In any event the plan would either be to nuke it from orbit and have the blast expend a maximum amount of energy over an optimized amount of land, baking the oxygen out of it, or burying the nukes an optimized distance under the ground so the heat diffused into those upper layers and baked the oxygen out but near enough that most of the oxygen could escape the ground into the air, I really have no idea what that depth would be or which method would be better, but I'd be ton the sub-surface detonation leaving less contaminants around to endanger people compared to an aerial or surface blast.

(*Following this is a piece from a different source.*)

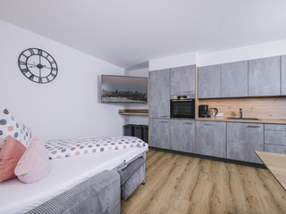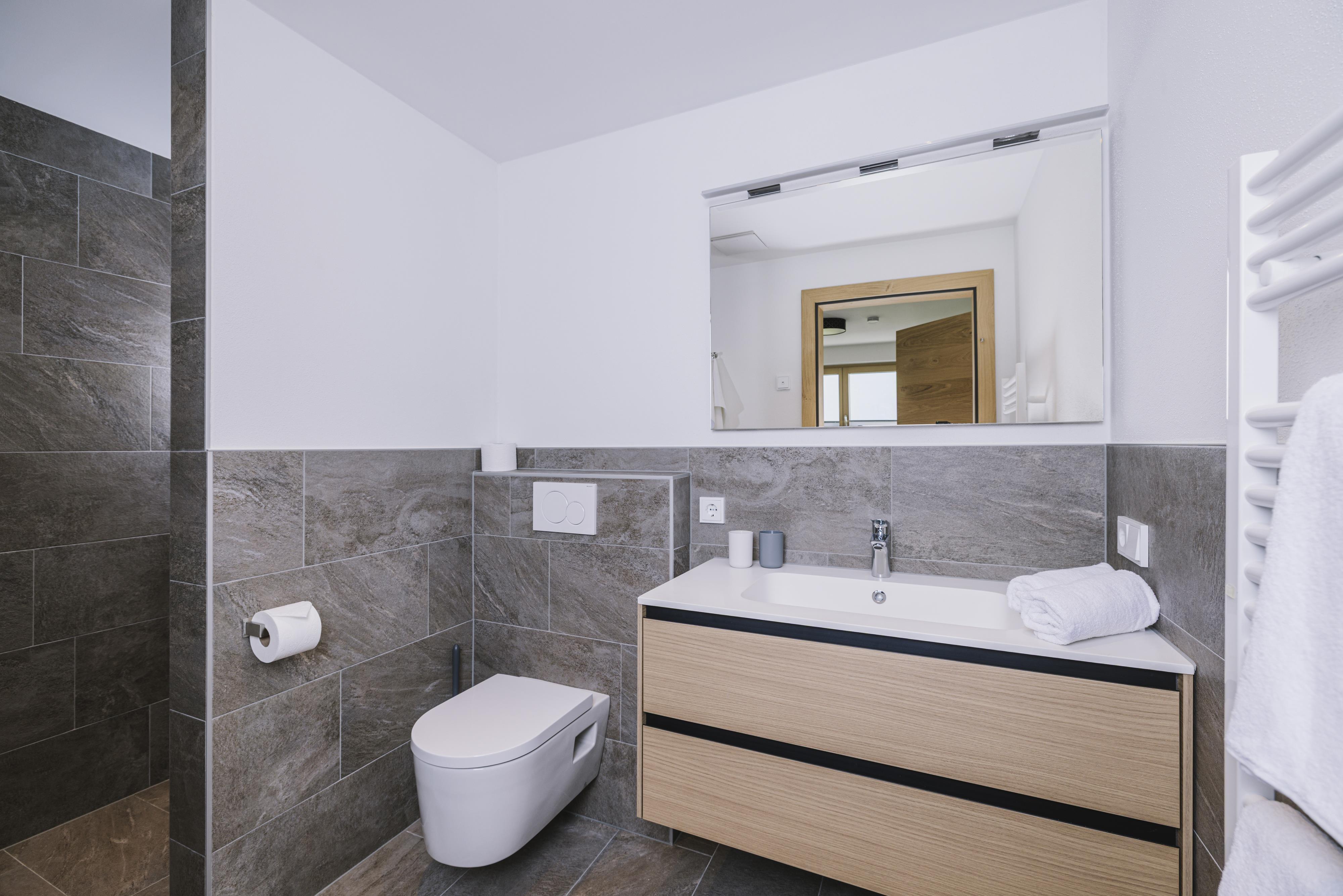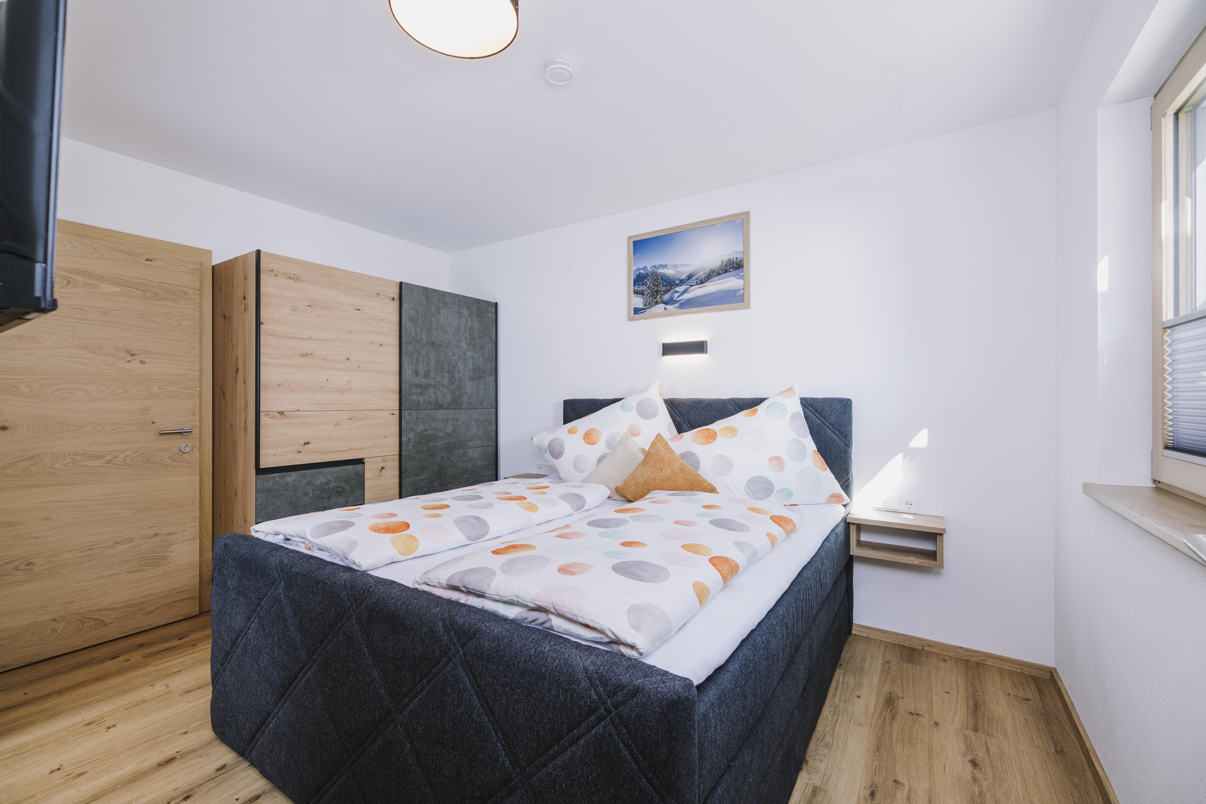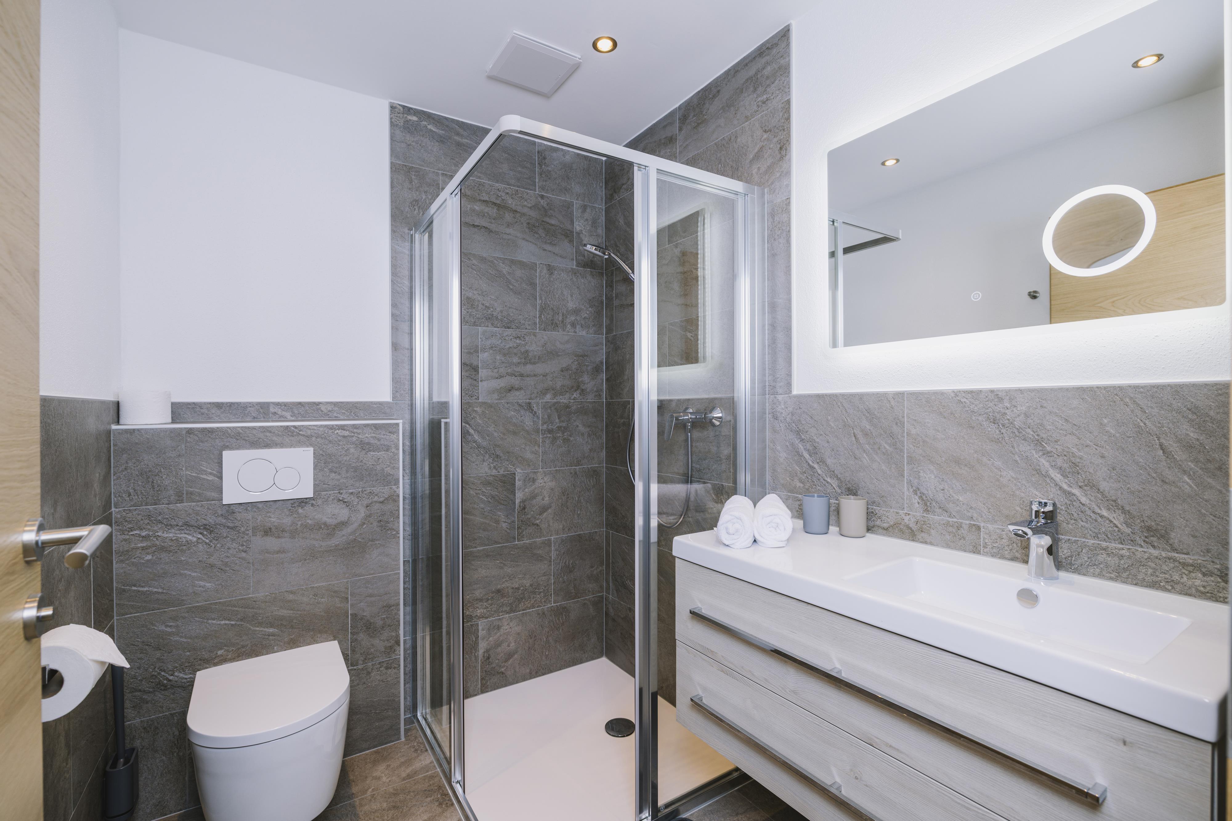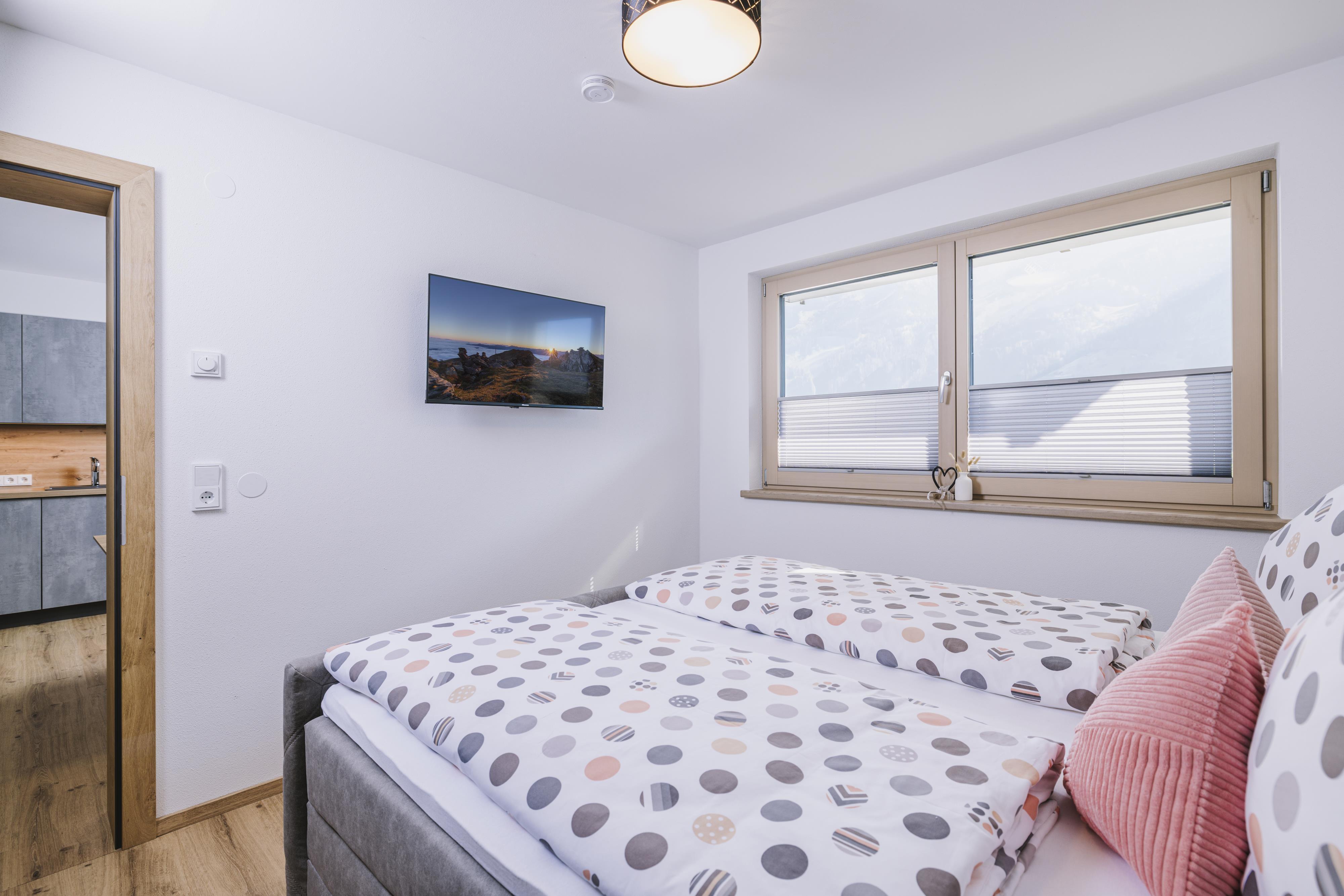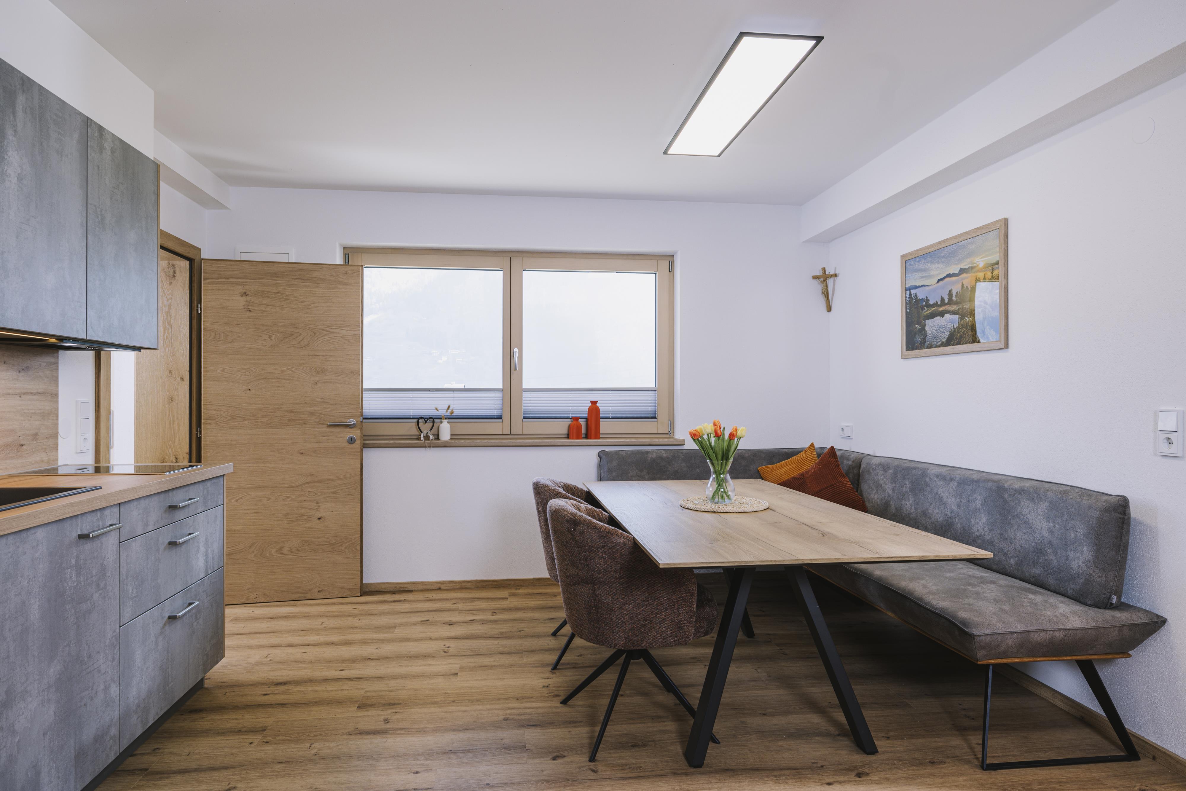 Die neu errichtete, moderne Wohnung verfügt über zwei Schlafzimmer mit jeweils eigenem Bad sowie einen großzügigen Wohn- und Essbereich mit Schlafcouch, TV und voll ausgestatteter Küche. Ein Skischuhtrockner und Skiaufhänger im Eingangsbereich sorgen für

Like I said, I don't trust the article or commentary on the subject to be very accurate, but nuking the moon or Mars doesn't even set my threat radar off concerning humans, I'd be worried about damaging the geology of the moon when we hadn't studied it yet, back then, myself, more than the possible accident option of the nuclear material blowing up during launch or boost phases. A rocket exploding on the pad and spraying the vlast radius with nuclear contaminants isn't much worse then it blowing up on the pad anyway, and frankly I wouldn't expect a big ball of uranium or plutonium to seriously fragment if the rocket blew up, a single, or even a few dozen, dense shards of fissionable material tumbling onto land or sea isn't exactly nothing but then neither is a train derailing at speed in the middle of city. If it totally atomized into fine dust on the way down it would be spread over some ellipse hundreds or thousands of miles long, radiation isn't to be laughed at but the better part of a million square miles would be a hell of a diluting factor, Nagasaki and Hiroshima were moderately dirty weapons and they hardly made the entire Archipelago there dangerous. Fragments would be easier to cleanup but totally fragmentation probably wouldn't even need it.

In any event, we shoot plutonium up into space regularly already, we used about a bomb's worth of the stuff in that new Mars rover.